O mais das vezes, as criações (cinematográficas, literárias, banda desenhísticas) que versam a ficção científica, a futurologia, as distopias, ou temas quejandos, apostam sempre num dado passo, mais tarde ou mais cedo no interior da estória, a que se poderia dar o nome de “a explicação, finalmente”. Por mais distendida e (aparentemente) descentralizada que a trama pareça ser, há sempre um momento de esclarecimento e hierarquização das informações, dos elementos. Eloar Guazzelli, em O Relógio Insano, dispensa-o. Os leitores são ofertados com fragmentos de informação suficientes para perceberem quais os limites do muro da utopia/distopia pela qual se movem as personagens que vão surgindo, assim como os laços que as unem diferentemente (uma família, uma traição, um retorno...).

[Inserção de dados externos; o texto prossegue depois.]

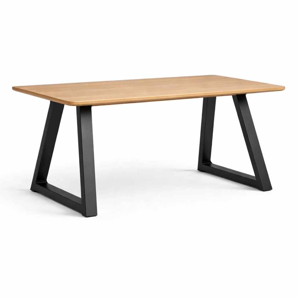 Il tavolo ha una forma rettangolare con gambe a trapezio rovesciato. La superficie è di colore legno naturale, mentre la struttura è nera.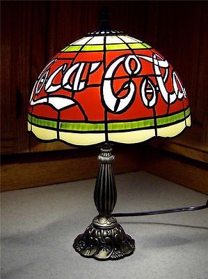 Title (ebay affiliate link): Coka Cola Classic Coke Stained Glass Style Accent Lamp Tiffany Bronze Light 2000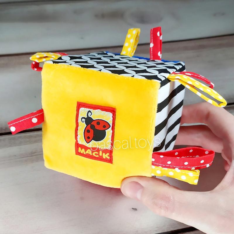 🕯 Возраст: 3 мес.+ 📏 Размеры: - кубика: 8*8*8 см; - в упаковці: 23*10*8 см. 🧰 Материал: 100% хлопок, швицкая фурнитура, поролон, звуковые элементы. 🛠️ Производитель: Масик. Этот кубик подходит для 👶🏻 деток уже с рождения: он пошит из 🍃 натуральных тканей и не содержит острых углов или мелких деталей ✅. Игрушку можно давать ребенку в ручку 👋🏻 или подвешивать в коляске, играть в кроватке или по дороге в машине. На кубике изображены 🖼️ контрастные узоры, фигуры и линии, которые непременно заинтересуют малышку. Мягкий и приятный на ощупь 👐, он развивает моторику рук и сенсорное восприятие ребеночка. В качестве книжки-шарудка 📖куб выдает приятные шелестючи 🎶 звуки.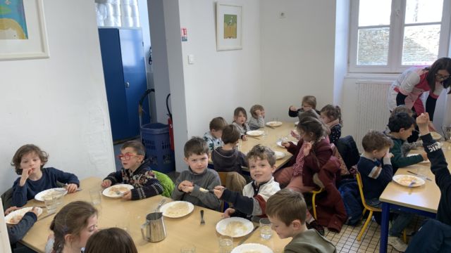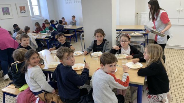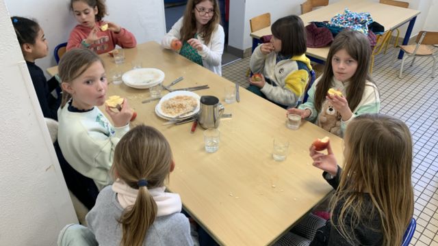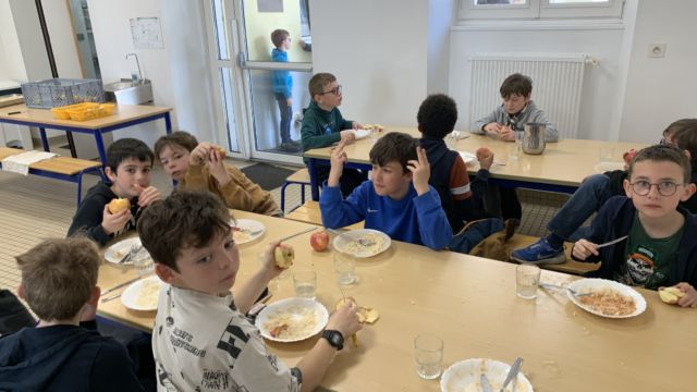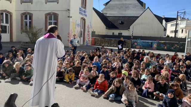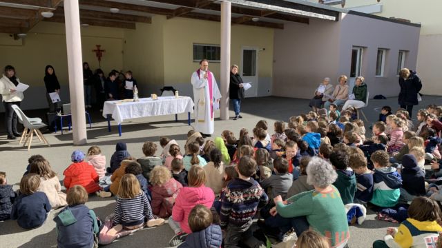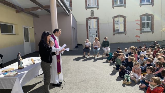 Aujourd’hui à l’école nous avons célébré le Vendredi Saint avec une célébration . Toutes les classes se sont retrouvées dans la cour avec Père Hervé et l’équipe pastorale . Puis nous avons partagé un bol de riz et une pomme en ce temps de Carême . Les fonds de ce repas seront reversés à l association Bayanihan pour la construction d une école aux Philippines .
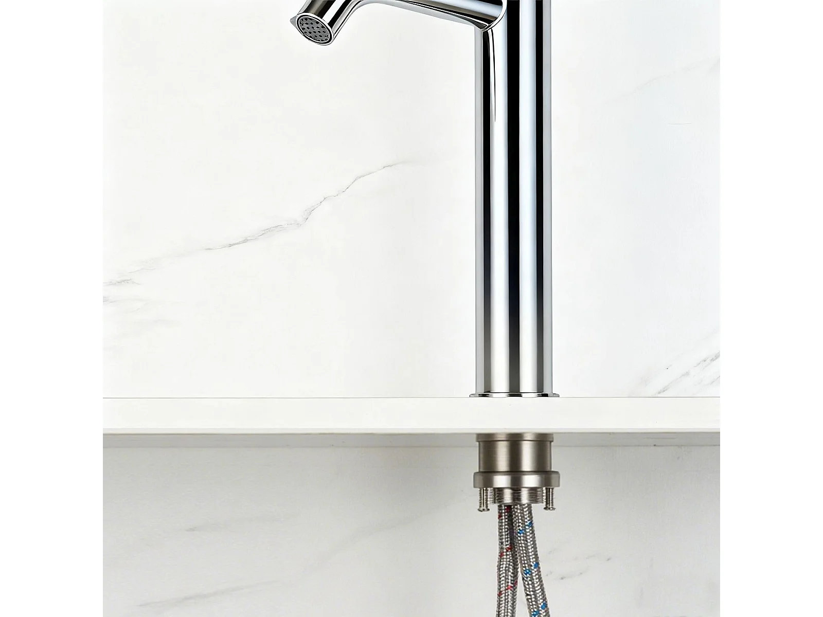 Robinet de Salle de Bain Haut en Acier Inoxydable 304 Robinet Lavabo 195mm de Hauteur Mitigeur Monocommande Finition Chromée

Há perguntas retrospectivas que não se colocam e não são por isso respondidas, outras respostas surgem apontando a outras perguntas laterais, que por sua vez levarão a outras respostas... É como se nos obrigasse a fazer um pequeno trajecto no perímetro do pensamento que esta história provoca sem que fechássemos a linha, mas adivinhássemos esse contorno geral.
Onde Evereste é centrípeto, O Relógio Insano é centrífugo. A elipse e a incompletude são os outros ingredientes-chave para a emergência do ambiente misterioso da história. Todavia, essa imensa expansão da área não leva a um rompimento irreversível de um centro de coesão, por mais difuso que este seja. Trata-se de facto do retrato de uma distopia e, como soe ser-se nestas ficções, o lema da ironia é um dos estandartes em uso, retraçando algumas das características dessa futura sociedade opressiva àquelas que já hoje partilhamos nas nossas civilizações, contemporâneas, tecnológicas, democrato-liberais, sociedades de entretenimento participativo, de espectáculo permanente, de uma ideologia difusa numa mão-cheia de princípios vagos mas a que se pode dar um nome relativamente simples: “o meu conforto”. Nunca se sabe, porém, o meu pelo preço de quem?
É óbvio que, no seguimento de uma já longa tradição que mergulha as suas raízes douradas em Jonathan Swift, mas que passa por outras obras como O Admirável Mundo Novo de Aldous Huxley e 1984 de George Orwell (o primeiro superior ao segundo por se ter verificado mais real), todo este retrato de uma cidade onde a aparente ordem (a parte do “relógio”) é mantida pelo silêncio, pequenas ou grandes tiranias e pelo controlo utópico (a parte do “insano”) necessariamente retrata “factos reais” existentes na nossa realidade política (de polis, cidade, que habitamos cada vez mais em conjuntos maiores, graças às tecnologias comunicacionais, que tanto nos “conectam” como nos “alienam”, pasto de discussão). Isto é, apontam-se esses pequenos gestos para o bem de todos que cortam as liberdades individuais dos cidadãos, por menores que elas sejam, pareçam ser, ou por mais ridiculamente egoístas que pareçam essas vontades. Certo, mas por isso mesmo são vontades individuais, e não de grupo, que é o que todo o pensamento utopista pensa poder alguma vez se verificar. O episódio do velho a pagar duas vezes a multa por ter acendido um cigarro, e, face à surpresa do guarda, lhe responde: “Foi o senhor policial que não entendeu, isso é só um adianto... vou fumar outro”, mais do que caricato ou humorístico, dever-nos-á fazer pensar.
Ainda que se possa entender uma linha de acção relativamente central, que une as várias pontas de acção do livro, poderemos, de novo, recorrer à noção de polifonia (que se verifica também nos termos da figuração e tratamento gráfico de prancha para prancha, umas realistas, outras estilizadas, as personagens raramente desvendando os seus rostos completos, outras páginas apresentando-se - como a mostrada - mais como metáfora que representação), a construção de uma obra una pelas difusas e díspares vozes das personagens que a habitam, para classificar o tipo de ficção d’O Relógio Insano.
Por exemplo, uma pergunta flutua no fim do livro. Há um final feliz? Há um retorno real? Ou uma fuga tornada chegada?